§ Your instructions
In the records below, the lines between the one holding "организации несанкционированной акции)." and the one holding "El foro cultural", inclusive, are to be transcribed exactly; no pictures are to be included.

§ Source material
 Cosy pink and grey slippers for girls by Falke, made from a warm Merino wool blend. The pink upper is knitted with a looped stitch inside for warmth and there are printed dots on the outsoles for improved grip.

* * *

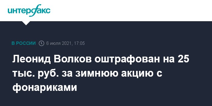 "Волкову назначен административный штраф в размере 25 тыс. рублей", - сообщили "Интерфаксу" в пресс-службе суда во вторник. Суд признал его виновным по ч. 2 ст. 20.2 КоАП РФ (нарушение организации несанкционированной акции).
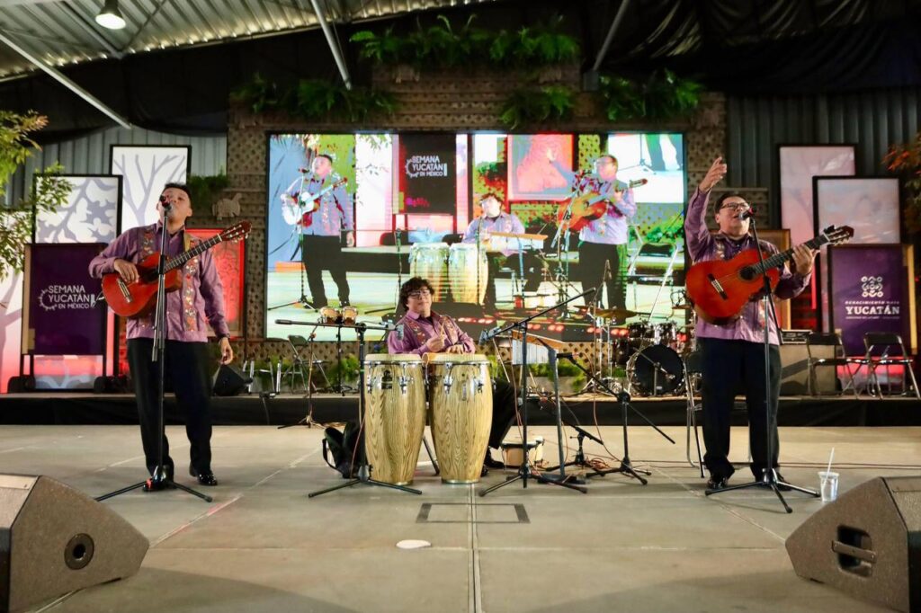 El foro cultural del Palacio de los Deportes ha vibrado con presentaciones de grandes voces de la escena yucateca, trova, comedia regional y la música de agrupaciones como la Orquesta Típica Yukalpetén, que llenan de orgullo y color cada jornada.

§ Reply
 "Волкову назначен административный штраф в размере 25 тыс. рублей", - сообщили "Интерфаксу" в пресс-службе суда во вторник. Суд признал его виновным по ч. 2 ст. 20.2 КоАП РФ (нарушение организации несанкционированной акции).
 El foro cultural del Palacio de los Deportes ha vibrado con presentaciones de grandes voces de la escena yucateca, trova, comedia regional y la música de agrupaciones como la Orquesta Típica Yukalpetén, que llenan de orgullo y color cada jornada.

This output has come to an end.